Dataset entries:
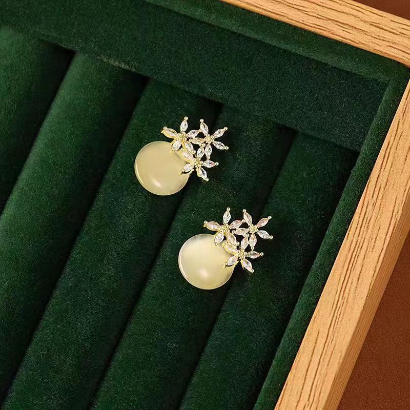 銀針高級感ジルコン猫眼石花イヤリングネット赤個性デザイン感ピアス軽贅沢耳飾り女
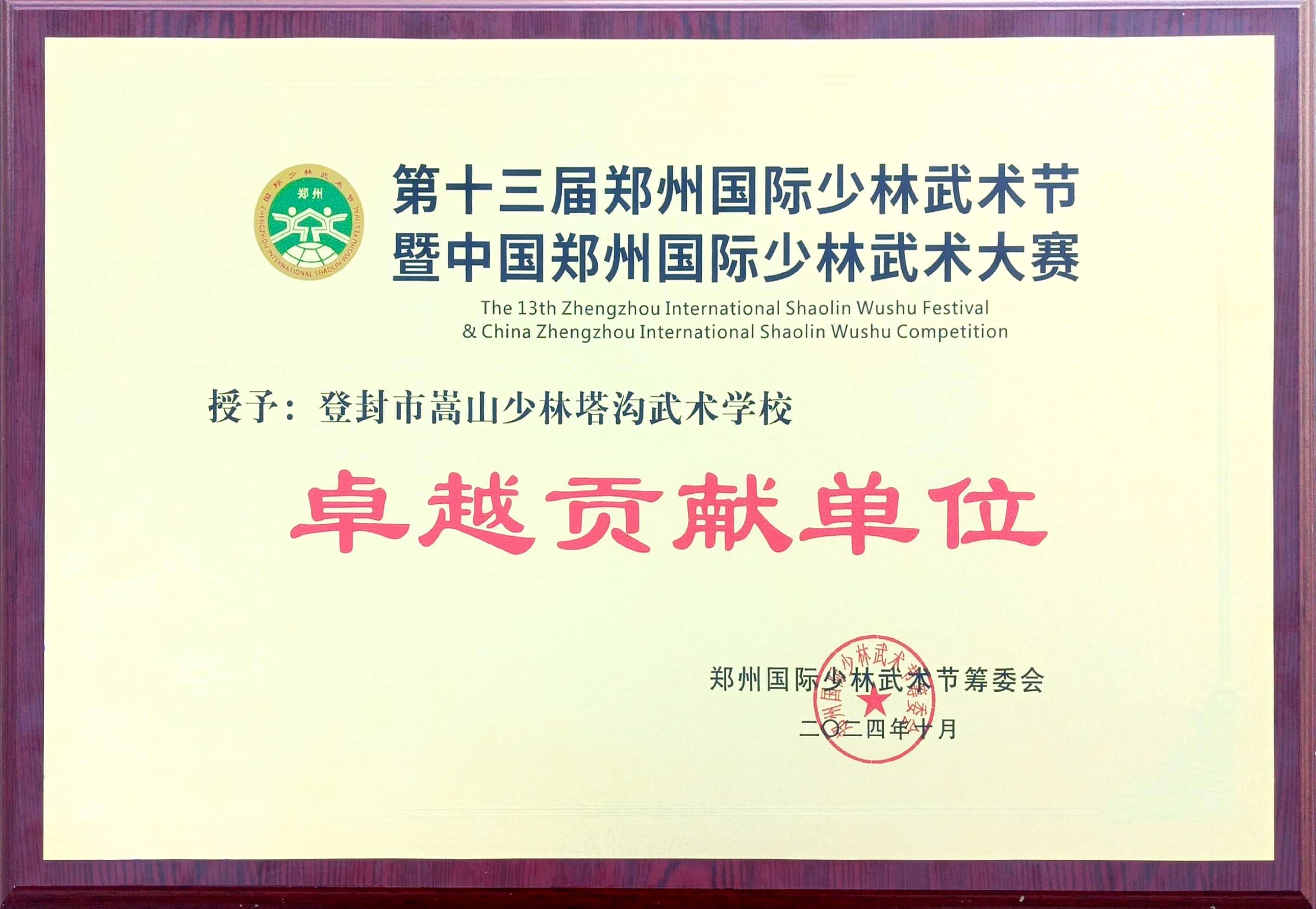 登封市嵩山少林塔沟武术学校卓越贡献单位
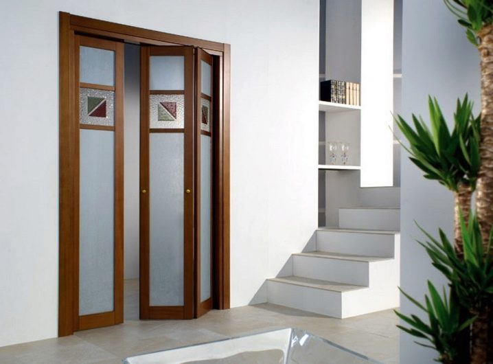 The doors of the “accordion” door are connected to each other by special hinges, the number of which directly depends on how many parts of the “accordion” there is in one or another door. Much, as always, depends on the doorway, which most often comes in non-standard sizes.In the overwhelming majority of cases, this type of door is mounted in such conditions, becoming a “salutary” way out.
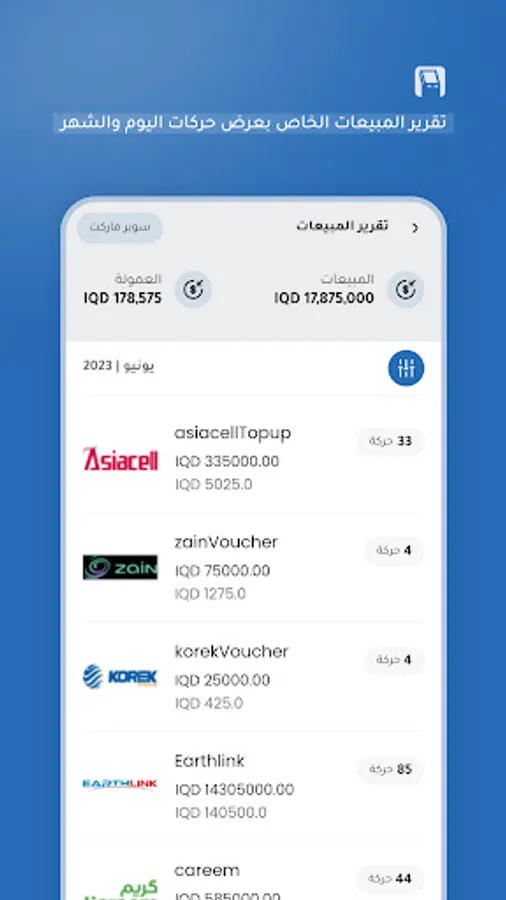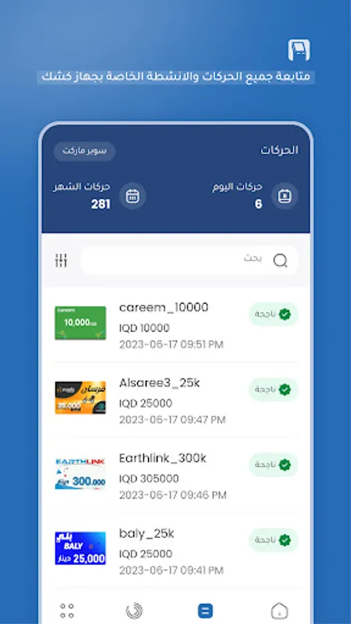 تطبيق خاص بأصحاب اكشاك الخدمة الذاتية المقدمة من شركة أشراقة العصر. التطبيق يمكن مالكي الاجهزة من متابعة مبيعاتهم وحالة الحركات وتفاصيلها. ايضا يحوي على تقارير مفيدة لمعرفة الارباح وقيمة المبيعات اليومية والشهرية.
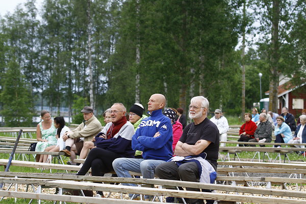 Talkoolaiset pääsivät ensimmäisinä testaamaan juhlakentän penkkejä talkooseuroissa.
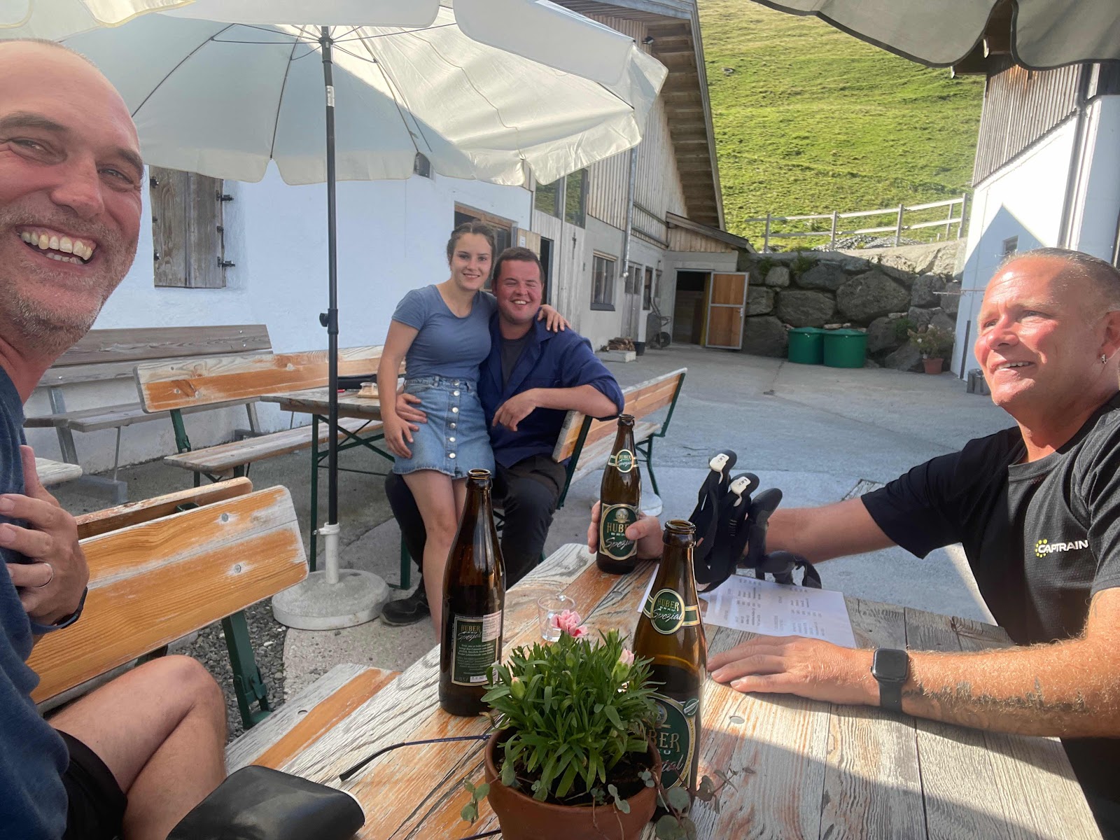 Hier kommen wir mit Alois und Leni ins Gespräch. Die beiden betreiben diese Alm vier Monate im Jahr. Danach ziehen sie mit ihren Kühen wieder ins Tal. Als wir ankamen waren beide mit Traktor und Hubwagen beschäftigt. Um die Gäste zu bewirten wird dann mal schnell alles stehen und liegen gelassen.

▶ _EXERCISE OBJECTIVE_: Give the records above again in full and exactly, but exclude every picture.

▶ _TASK SOLUTION_:
 銀針高級感ジルコン猫眼石花イヤリングネット赤個性デザイン感ピアス軽贅沢耳飾り女
 登封市嵩山少林塔沟武术学校卓越贡献单位
 The doors of the “accordion” door are connected to each other by special hinges, the number of which directly depends on how many parts of the “accordion” there is in one or another door. Much, as always, depends on the doorway, which most often comes in non-standard sizes.In the overwhelming majority of cases, this type of door is mounted in such conditions, becoming a “salutary” way out.
 تطبيق خاص بأصحاب اكشاك الخدمة الذاتية المقدمة من شركة أشراقة العصر. التطبيق يمكن مالكي الاجهزة من متابعة مبيعاتهم وحالة الحركات وتفاصيلها. ايضا يحوي على تقارير مفيدة لمعرفة الارباح وقيمة المبيعات اليومية والشهرية.
 Talkoolaiset pääsivät ensimmäisinä testaamaan juhlakentän penkkejä talkooseuroissa.
 Hier kommen wir mit Alois und Leni ins Gespräch. Die beiden betreiben diese Alm vier Monate im Jahr. Danach ziehen sie mit ihren Kühen wieder ins Tal. Als wir ankamen waren beide mit Traktor und Hubwagen beschäftigt. Um die Gäste zu bewirten wird dann mal schnell alles stehen und liegen gelassen.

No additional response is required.